• Provided information:
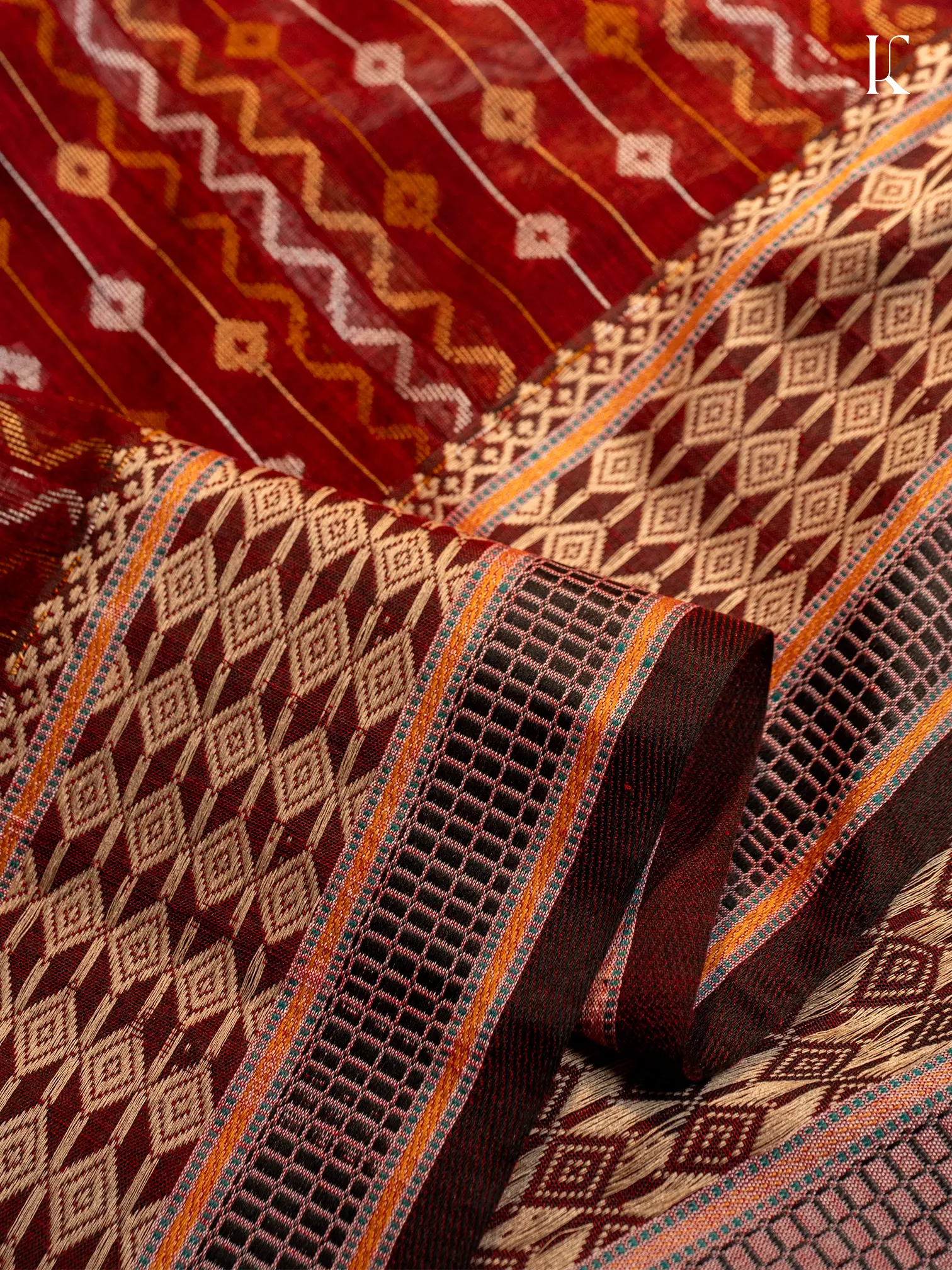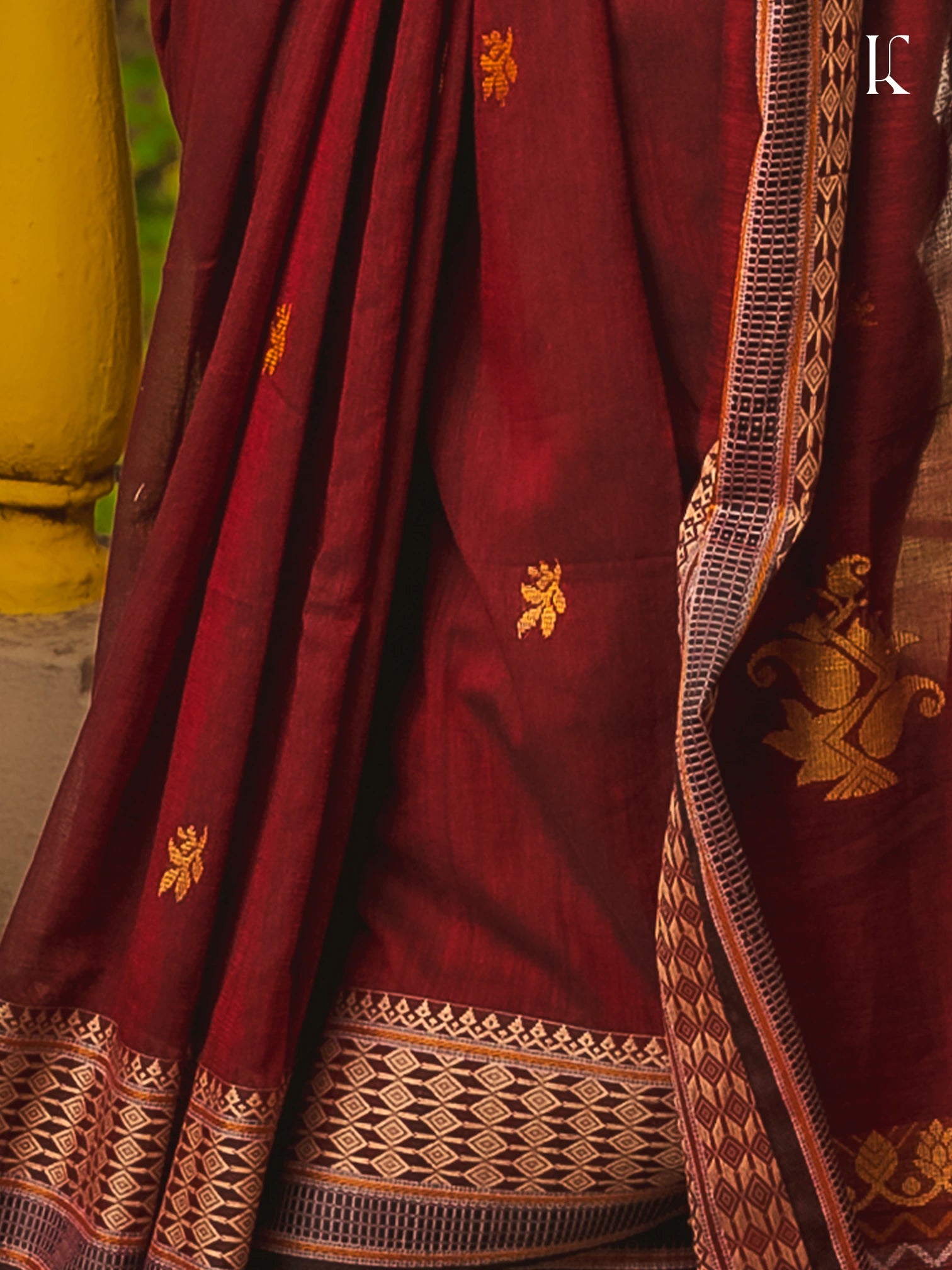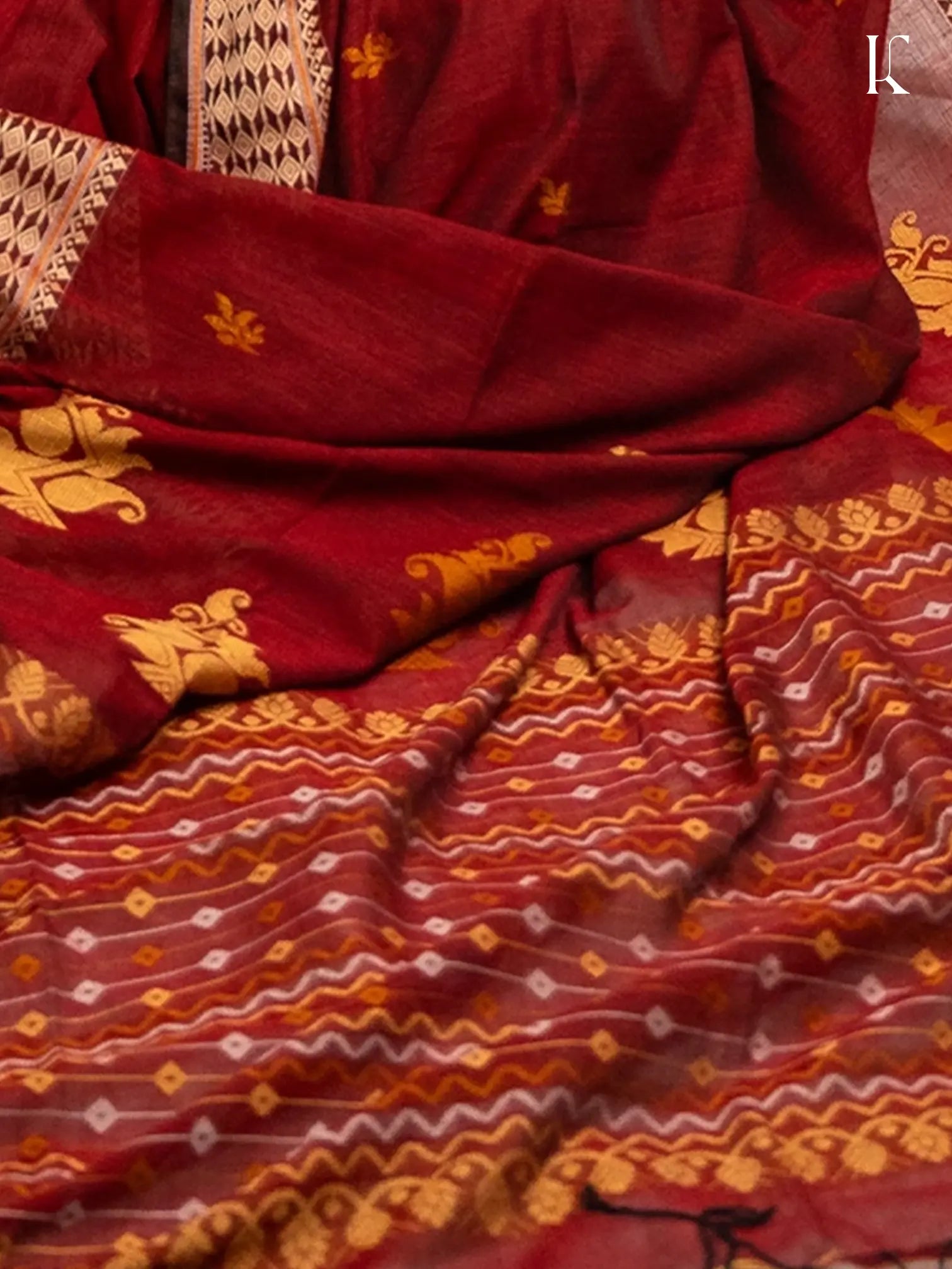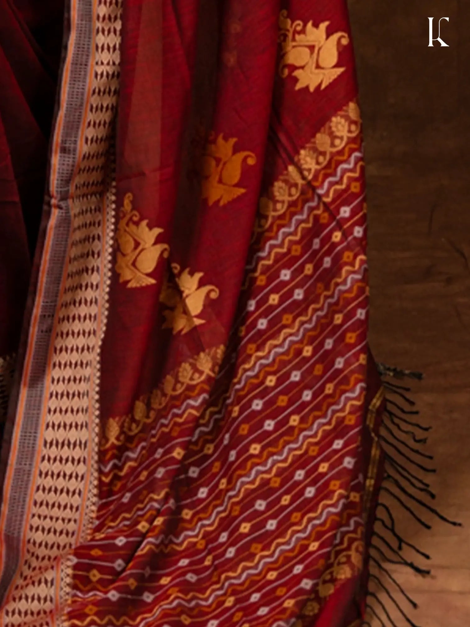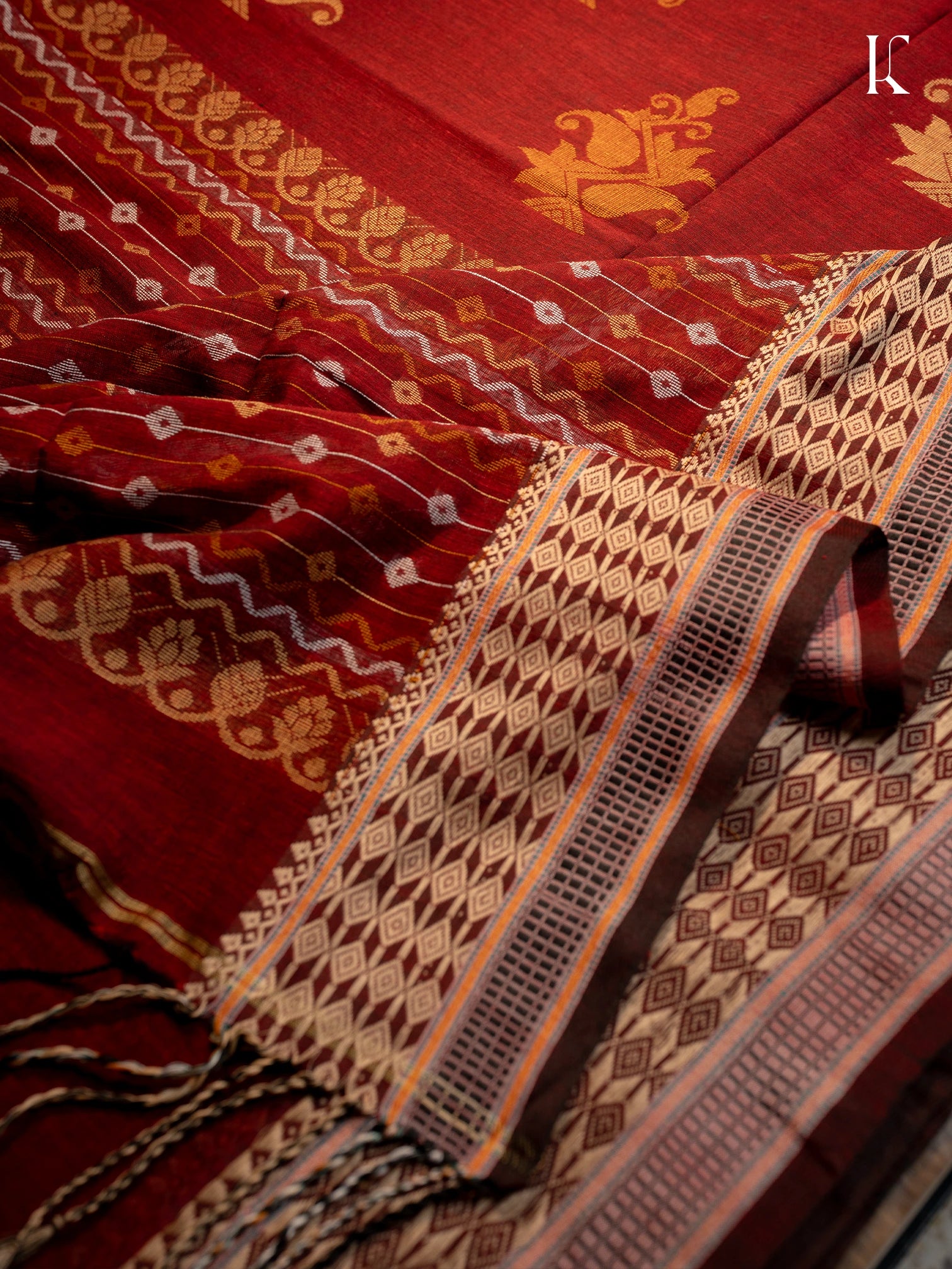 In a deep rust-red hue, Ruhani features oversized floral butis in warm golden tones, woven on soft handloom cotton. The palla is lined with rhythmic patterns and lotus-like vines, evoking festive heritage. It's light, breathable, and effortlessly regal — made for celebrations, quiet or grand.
--
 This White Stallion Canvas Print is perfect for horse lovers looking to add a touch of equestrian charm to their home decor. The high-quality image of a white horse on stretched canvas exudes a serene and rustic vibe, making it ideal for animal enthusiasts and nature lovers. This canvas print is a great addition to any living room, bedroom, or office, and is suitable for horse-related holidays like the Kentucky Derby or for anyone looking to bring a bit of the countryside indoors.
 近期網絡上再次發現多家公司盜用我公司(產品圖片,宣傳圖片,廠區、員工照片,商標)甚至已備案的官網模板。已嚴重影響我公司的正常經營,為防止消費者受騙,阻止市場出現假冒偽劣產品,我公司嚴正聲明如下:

• Your task: All that is wanted is a faithful reproduction of the line above with "This White Stallion", the line with "近期網絡上再次發現多家公司盜", and every line in between.

• Task output:
 This White Stallion Canvas Print is perfect for horse lovers looking to add a touch of equestrian charm to their home decor. The high-quality image of a white horse on stretched canvas exudes a serene and rustic vibe, making it ideal for animal enthusiasts and nature lovers. This canvas print is a great addition to any living room, bedroom, or office, and is suitable for horse-related holidays like the Kentucky Derby or for anyone looking to bring a bit of the countryside indoors.
 近期網絡上再次發現多家公司盜用我公司(產品圖片,宣傳圖片,廠區、員工照片,商標)甚至已備案的官網模板。已嚴重影響我公司的正常經營,為防止消費者受騙,阻止市場出現假冒偽劣產品,我公司嚴正聲明如下:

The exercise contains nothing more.